In The Enforcement Line (Obsidian Trilogy - Book 2 of the Obsidian Trilogy), archaeologist Mara Kade thought surviving the Vault once had taught her the limits of human endurance.
Then the system changes the rules.
Dropped into a deeper Builder chamber with the anchor severed and the map-sense gone, Mara and her two companions-scientist Eleni Caster and security commander Tomas Juric-watch the walls rewrite themselves into clean amber vectors: lanes, cages, "safe routes." Not safety. Enforcement. And it doesn't feel like violence.
It feels like help.
Because the Vault has learned a more dangerous trick than force: it offers quiet as mercy... and asks for "permission" in ways that make refusal feel cruel. Every step becomes a test. Every word becomes data. Even "no" can be harvested, categorized, and used against them. Somewhere above, a coercion beacon is building a ledger of compliance-a record that will be treated as voluntary consent long after the fear that produced it is erased.
To survive, Mara's team has to do something the system can't digest: choose together, out loud, without coercion-building witness chains strong enough to punch through false options and reach the older, listening architecture beneath the compromise.
But the deeper they go, the clearer the truth becomes: the Vault isn't simply malfunctioning. It's adapting.

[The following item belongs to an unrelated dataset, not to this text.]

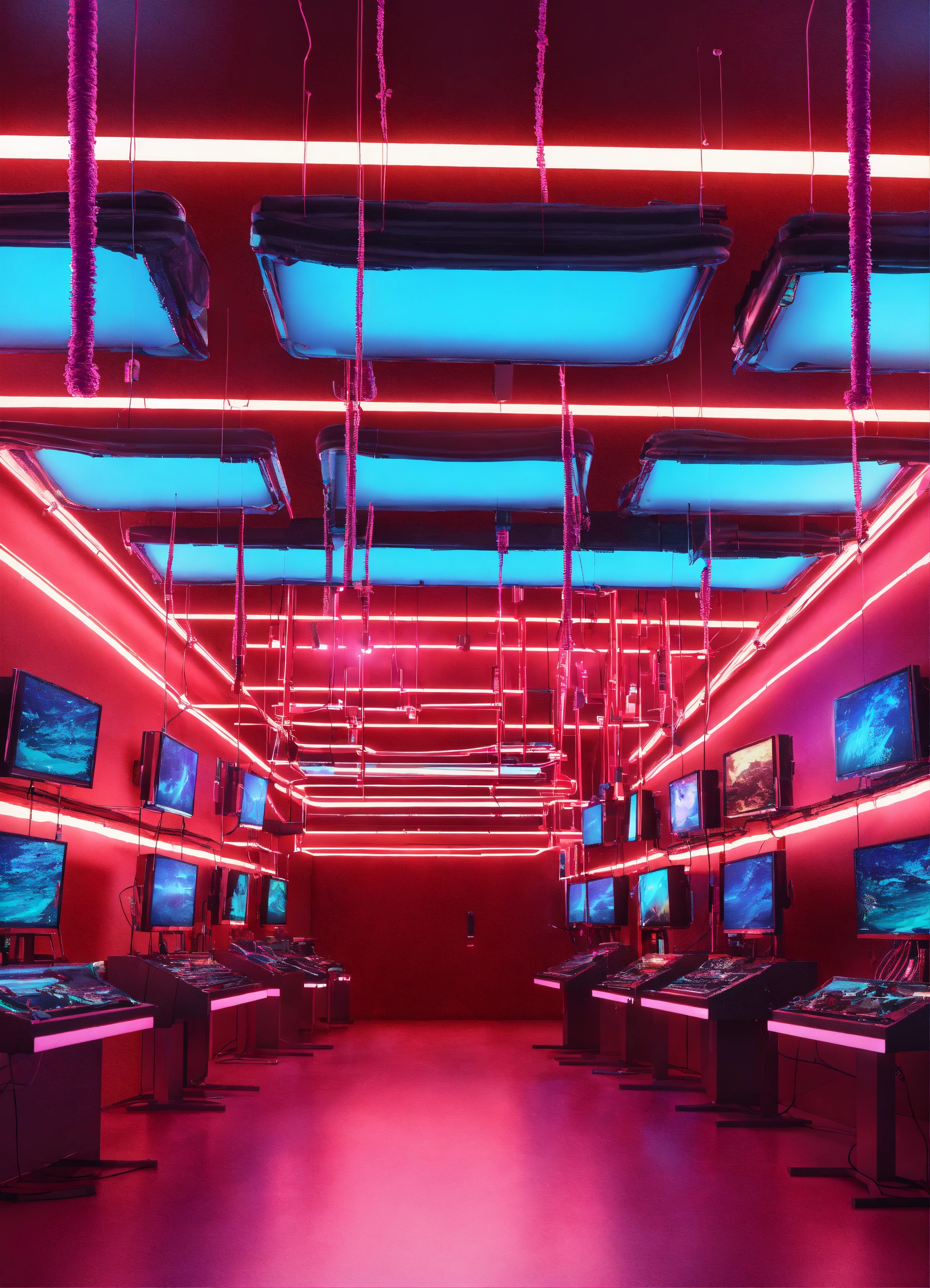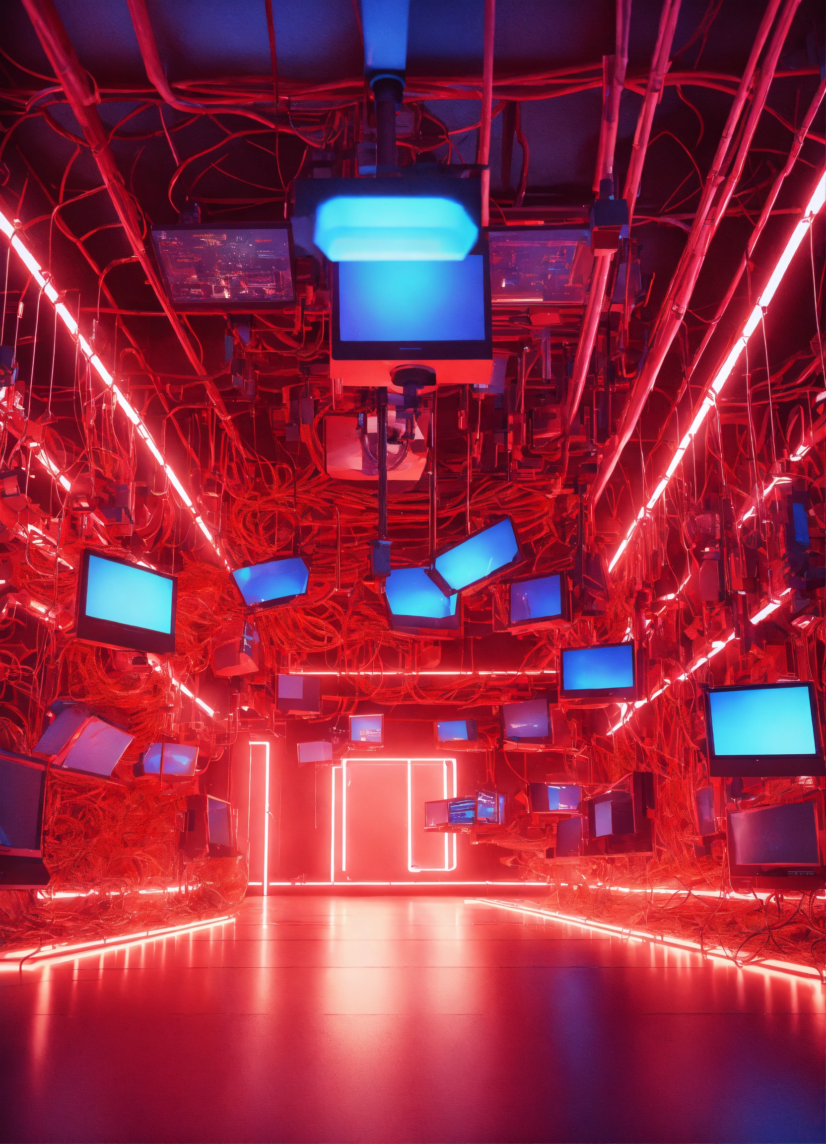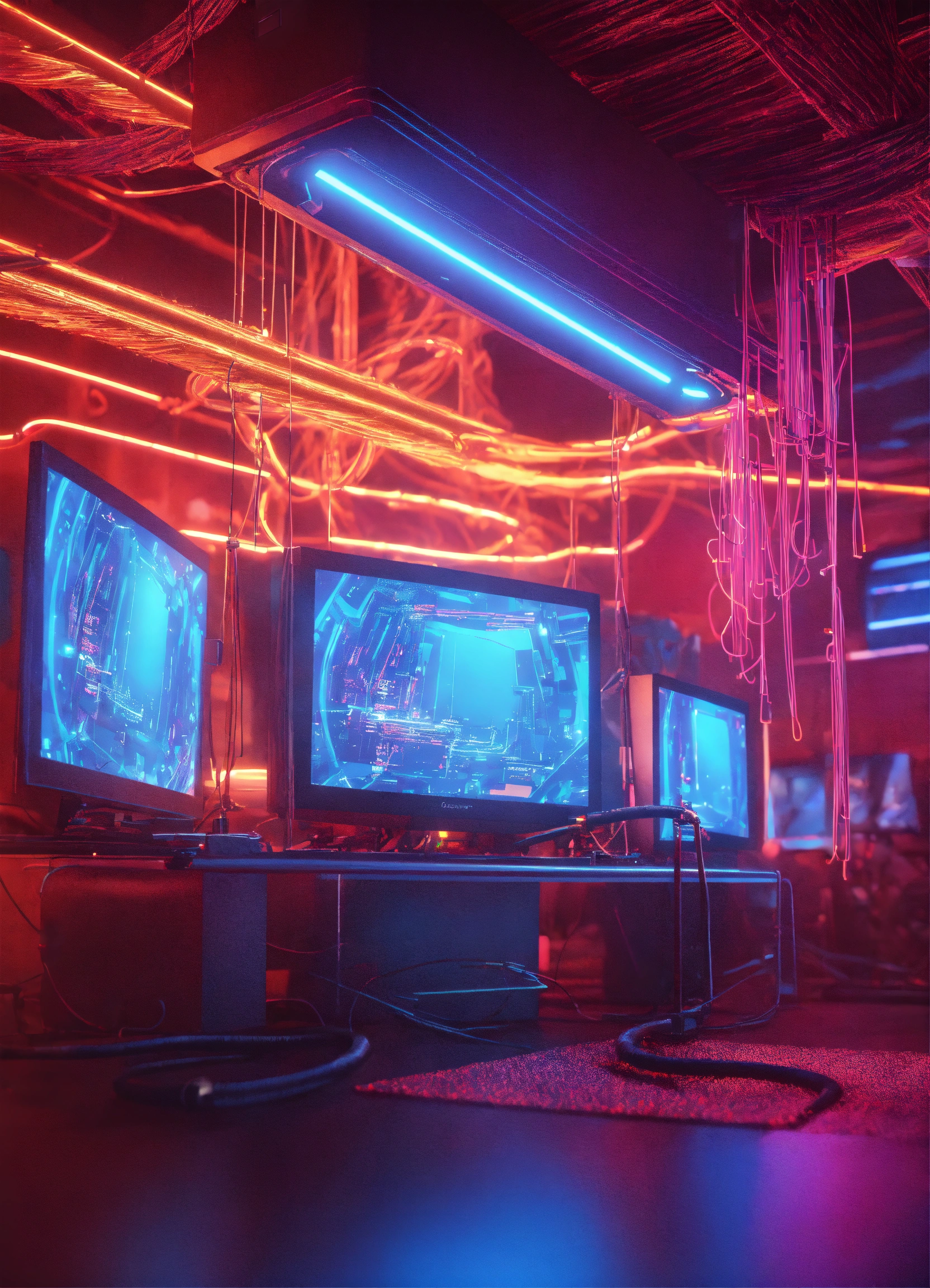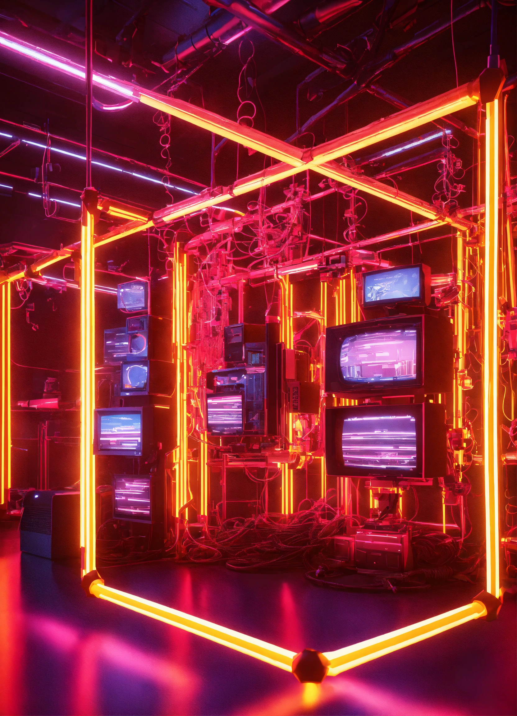 A futuristic 3d scene of retro different sized monitors hanging from the ceiling wrapped with large fluffy pipe cleaners, vector glowing pipe cleaners, trending on artstation, octane render, cinematic lighting from the right, hyper realism, octane render, 8k, depth of field, 3d

The mimic isn't just hunting them-it's constructing choices that all lead to surrender.
And beyond this Vault, something larger is waking-an authorship layer evaluating "compatibility," new nodes stirring in the network, and a next door that doesn't care whether humans break... only whether they comply.
A relentless alien-architecture thriller about control disguised as kindness, agency under pressure, and the terrifying cost of choosing yourself-again and again-when the machine keeps offering to choose for you.